- ABOUT THIS EXERCISE -
What are the lines, word for word, from the line with "Zapato deportivo elaborado" up to and including the line with "乘联会日前公布的9月全国乘用" in the records below? Omit the pictures.

Source data:

--------------------

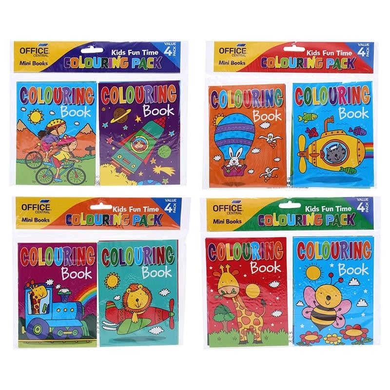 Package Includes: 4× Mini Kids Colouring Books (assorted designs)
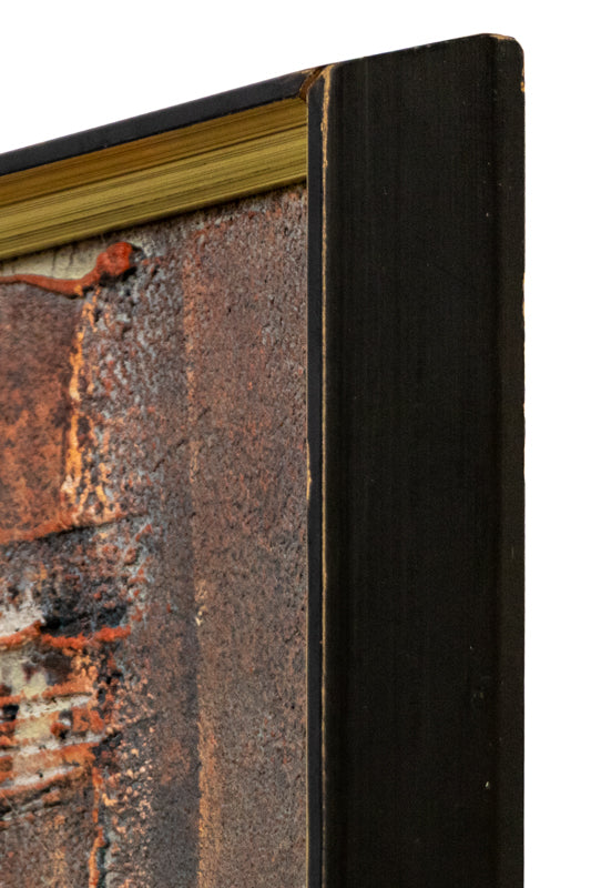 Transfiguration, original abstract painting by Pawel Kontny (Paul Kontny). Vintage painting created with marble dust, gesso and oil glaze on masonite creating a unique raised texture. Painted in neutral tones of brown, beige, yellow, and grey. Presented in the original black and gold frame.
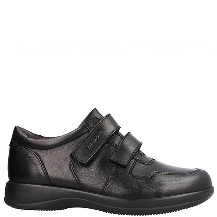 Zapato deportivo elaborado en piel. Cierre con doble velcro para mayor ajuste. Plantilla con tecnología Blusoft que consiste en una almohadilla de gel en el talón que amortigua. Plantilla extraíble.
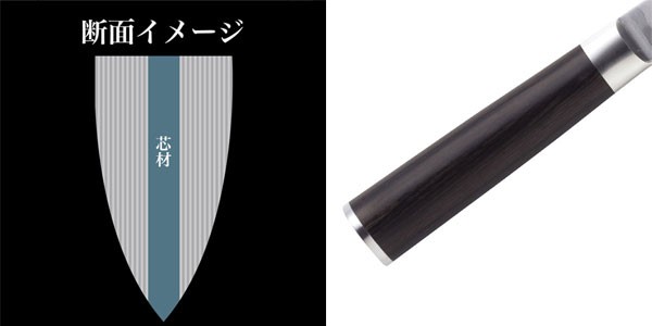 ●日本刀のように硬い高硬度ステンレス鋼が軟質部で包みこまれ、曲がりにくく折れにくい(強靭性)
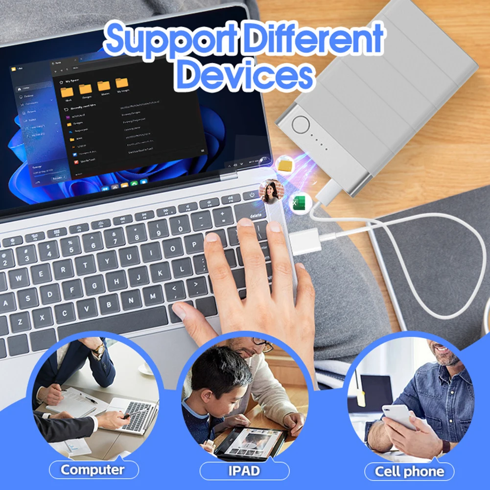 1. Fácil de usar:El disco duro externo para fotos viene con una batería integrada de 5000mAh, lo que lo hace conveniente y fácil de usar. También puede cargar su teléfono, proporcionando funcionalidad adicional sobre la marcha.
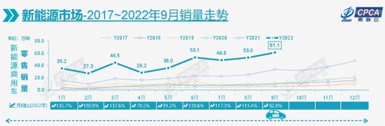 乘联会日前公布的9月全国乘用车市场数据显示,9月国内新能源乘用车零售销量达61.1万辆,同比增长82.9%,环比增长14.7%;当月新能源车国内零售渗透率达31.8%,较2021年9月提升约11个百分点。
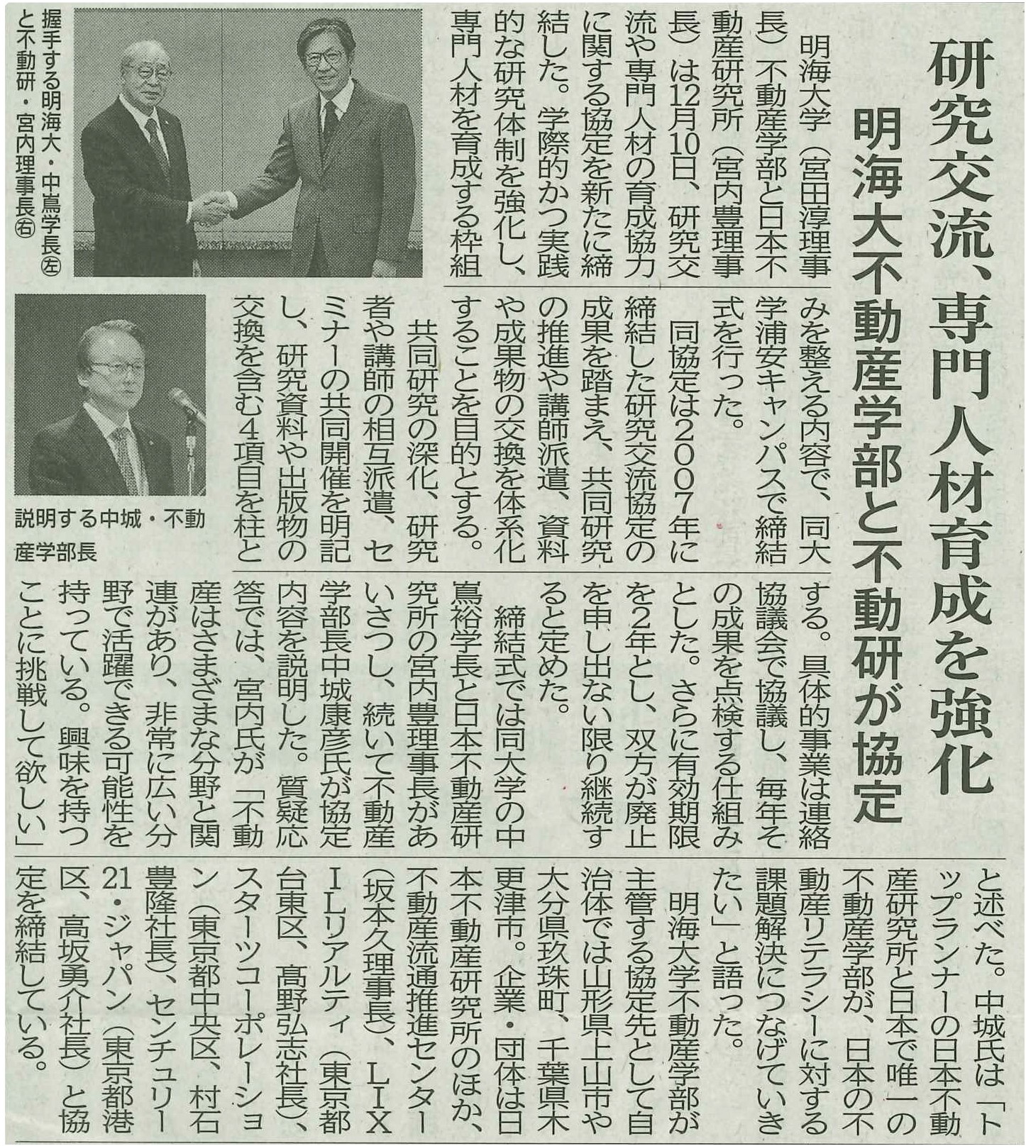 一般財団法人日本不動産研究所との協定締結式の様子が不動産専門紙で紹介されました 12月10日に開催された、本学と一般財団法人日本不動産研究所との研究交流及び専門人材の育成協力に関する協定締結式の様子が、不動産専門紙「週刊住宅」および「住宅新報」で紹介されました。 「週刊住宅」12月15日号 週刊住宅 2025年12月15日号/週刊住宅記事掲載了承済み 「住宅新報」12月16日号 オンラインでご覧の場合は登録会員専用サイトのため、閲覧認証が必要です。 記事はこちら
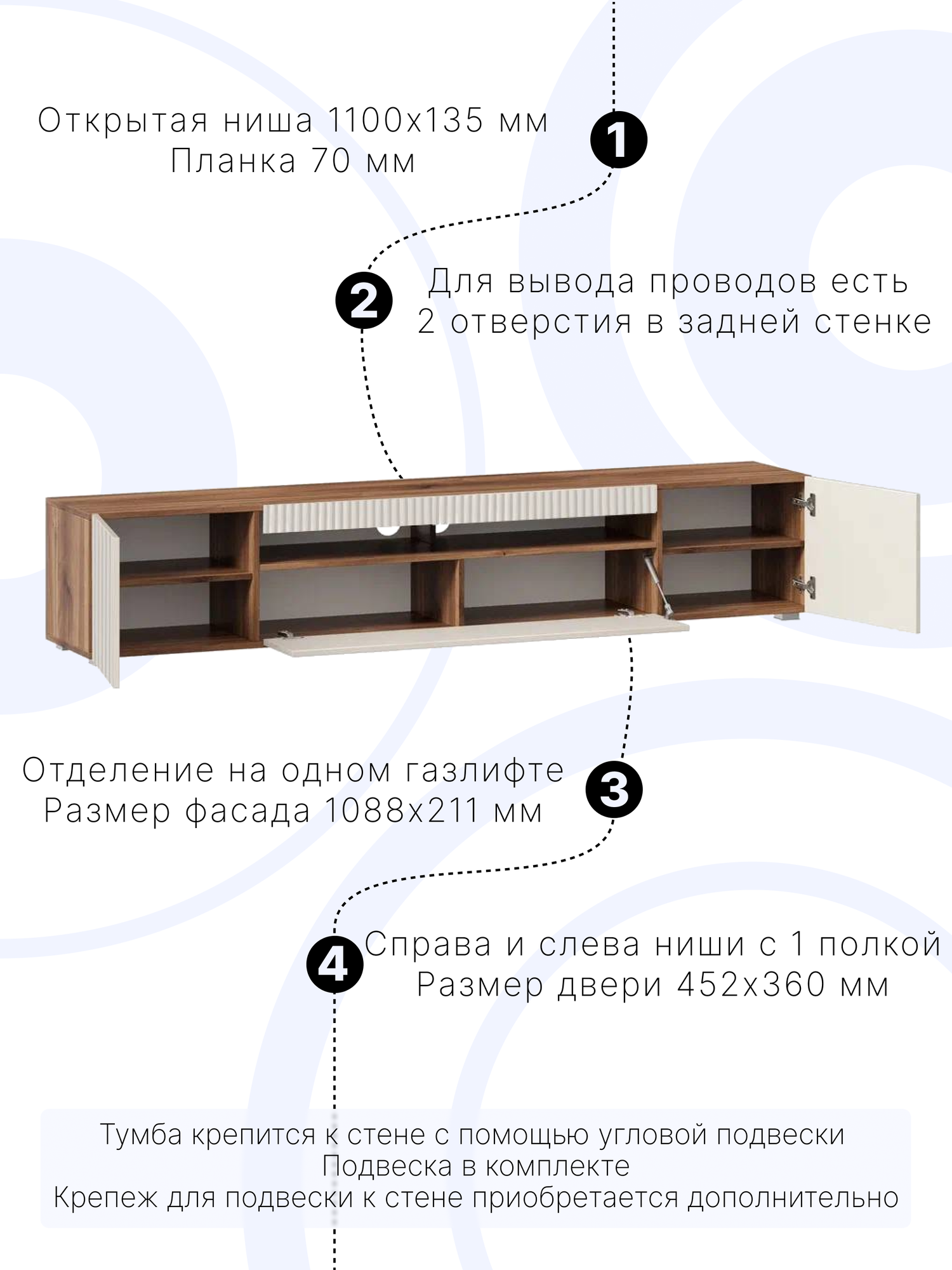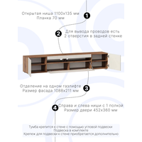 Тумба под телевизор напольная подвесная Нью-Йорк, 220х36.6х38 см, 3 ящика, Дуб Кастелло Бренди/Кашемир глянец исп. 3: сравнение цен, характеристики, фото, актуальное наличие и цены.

--------------------

- ANSWER SECTION -
 Zapato deportivo elaborado en piel. Cierre con doble velcro para mayor ajuste. Plantilla con tecnología Blusoft que consiste en una almohadilla de gel en el talón que amortigua. Plantilla extraíble.
 ●日本刀のように硬い高硬度ステンレス鋼が軟質部で包みこまれ、曲がりにくく折れにくい(強靭性)
 1. Fácil de usar:El disco duro externo para fotos viene con una batería integrada de 5000mAh, lo que lo hace conveniente y fácil de usar. También puede cargar su teléfono, proporcionando funcionalidad adicional sobre la marcha.
 乘联会日前公布的9月全国乘用车市场数据显示,9月国内新能源乘用车零售销量达61.1万辆,同比增长82.9%,环比增长14.7%;当月新能源车国内零售渗透率达31.8%,较2021年9月提升约11个百分点。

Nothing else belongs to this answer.